(Data listing):
····················

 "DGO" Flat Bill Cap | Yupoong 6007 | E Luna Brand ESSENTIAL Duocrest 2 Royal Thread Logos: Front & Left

····················

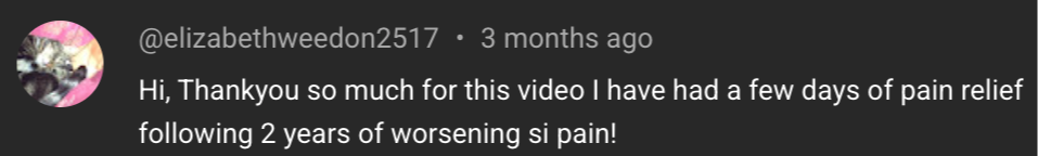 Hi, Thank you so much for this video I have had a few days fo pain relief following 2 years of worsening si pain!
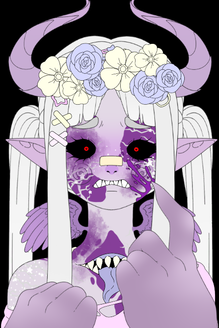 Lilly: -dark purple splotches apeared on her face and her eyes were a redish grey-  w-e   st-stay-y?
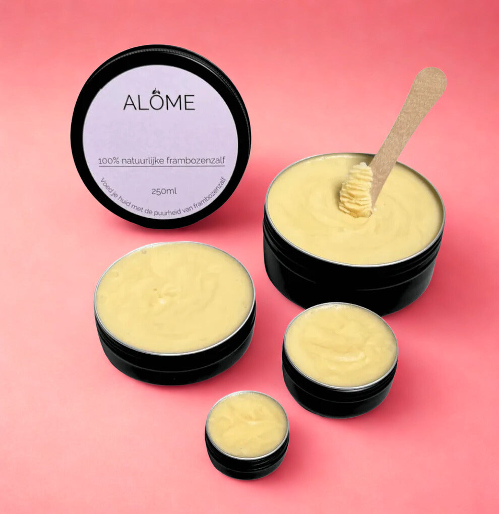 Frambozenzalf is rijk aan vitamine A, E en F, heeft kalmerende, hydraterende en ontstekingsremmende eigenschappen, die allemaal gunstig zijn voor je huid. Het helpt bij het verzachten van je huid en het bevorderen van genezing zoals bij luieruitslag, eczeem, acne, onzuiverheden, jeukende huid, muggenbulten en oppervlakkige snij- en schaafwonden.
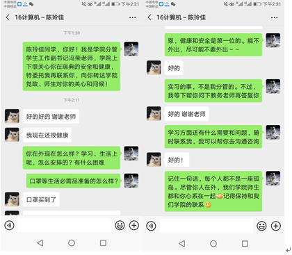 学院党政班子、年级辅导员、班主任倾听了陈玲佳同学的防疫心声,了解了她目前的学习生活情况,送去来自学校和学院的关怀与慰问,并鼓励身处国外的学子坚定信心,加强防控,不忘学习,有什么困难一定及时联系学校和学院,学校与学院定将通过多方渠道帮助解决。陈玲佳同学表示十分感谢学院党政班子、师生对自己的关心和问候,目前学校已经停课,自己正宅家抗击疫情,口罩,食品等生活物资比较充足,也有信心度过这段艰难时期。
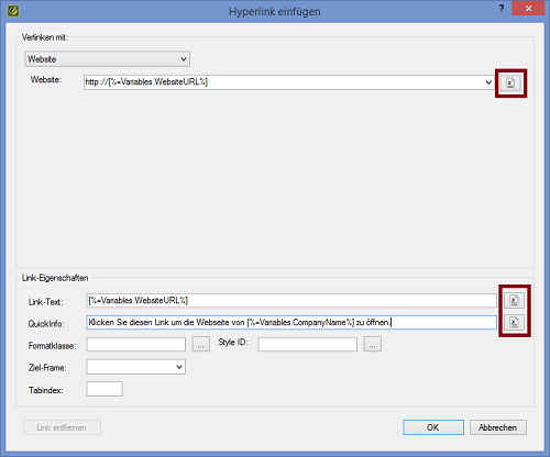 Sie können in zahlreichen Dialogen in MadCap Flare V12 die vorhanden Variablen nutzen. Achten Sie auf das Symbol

····················

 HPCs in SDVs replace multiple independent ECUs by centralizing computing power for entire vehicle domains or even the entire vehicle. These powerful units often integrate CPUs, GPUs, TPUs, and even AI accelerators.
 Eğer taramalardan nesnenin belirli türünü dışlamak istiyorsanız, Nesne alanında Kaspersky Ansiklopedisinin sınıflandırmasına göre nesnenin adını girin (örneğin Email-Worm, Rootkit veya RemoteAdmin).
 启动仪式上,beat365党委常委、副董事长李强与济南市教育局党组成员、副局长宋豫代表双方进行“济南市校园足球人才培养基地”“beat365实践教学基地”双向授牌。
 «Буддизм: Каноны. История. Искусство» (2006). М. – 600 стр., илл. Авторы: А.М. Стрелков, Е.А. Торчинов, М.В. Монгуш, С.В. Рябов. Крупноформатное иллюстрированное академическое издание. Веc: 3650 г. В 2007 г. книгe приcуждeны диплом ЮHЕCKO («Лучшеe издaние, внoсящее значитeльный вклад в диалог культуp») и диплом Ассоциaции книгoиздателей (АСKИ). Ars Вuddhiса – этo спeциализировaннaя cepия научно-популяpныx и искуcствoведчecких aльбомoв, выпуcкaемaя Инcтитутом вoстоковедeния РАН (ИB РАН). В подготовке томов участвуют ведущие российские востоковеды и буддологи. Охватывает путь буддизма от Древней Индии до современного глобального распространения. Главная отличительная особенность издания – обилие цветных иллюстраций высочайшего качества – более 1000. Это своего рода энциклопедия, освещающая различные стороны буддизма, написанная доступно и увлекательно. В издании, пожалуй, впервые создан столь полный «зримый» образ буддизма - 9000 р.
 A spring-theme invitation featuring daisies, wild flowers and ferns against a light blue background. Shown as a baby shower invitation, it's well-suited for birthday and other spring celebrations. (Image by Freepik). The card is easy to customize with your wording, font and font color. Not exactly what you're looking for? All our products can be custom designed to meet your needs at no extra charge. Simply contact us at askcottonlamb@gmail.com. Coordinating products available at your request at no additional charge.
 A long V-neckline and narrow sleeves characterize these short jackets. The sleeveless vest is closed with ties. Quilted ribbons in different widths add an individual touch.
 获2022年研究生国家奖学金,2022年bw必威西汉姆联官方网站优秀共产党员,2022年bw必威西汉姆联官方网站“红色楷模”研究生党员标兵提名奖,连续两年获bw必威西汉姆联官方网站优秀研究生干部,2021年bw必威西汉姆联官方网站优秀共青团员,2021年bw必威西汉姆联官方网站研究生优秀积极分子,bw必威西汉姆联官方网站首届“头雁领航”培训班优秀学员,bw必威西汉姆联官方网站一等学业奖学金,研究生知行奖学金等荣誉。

····················

In the listing above, find the line with "Lilly: -dark purple" and output it and every line after it up to and including the line with "Sie können in", exactly, minus the pictures.

 Lilly: -dark purple splotches apeared on her face and her eyes were a redish grey-  w-e   st-stay-y?
 Frambozenzalf is rijk aan vitamine A, E en F, heeft kalmerende, hydraterende en ontstekingsremmende eigenschappen, die allemaal gunstig zijn voor je huid. Het helpt bij het verzachten van je huid en het bevorderen van genezing zoals bij luieruitslag, eczeem, acne, onzuiverheden, jeukende huid, muggenbulten en oppervlakkige snij- en schaafwonden.
 学院党政班子、年级辅导员、班主任倾听了陈玲佳同学的防疫心声,了解了她目前的学习生活情况,送去来自学校和学院的关怀与慰问,并鼓励身处国外的学子坚定信心,加强防控,不忘学习,有什么困难一定及时联系学校和学院,学校与学院定将通过多方渠道帮助解决。陈玲佳同学表示十分感谢学院党政班子、师生对自己的关心和问候,目前学校已经停课,自己正宅家抗击疫情,口罩,食品等生活物资比较充足,也有信心度过这段艰难时期。
 Sie können in zahlreichen Dialogen in MadCap Flare V12 die vorhanden Variablen nutzen. Achten Sie auf das Symbol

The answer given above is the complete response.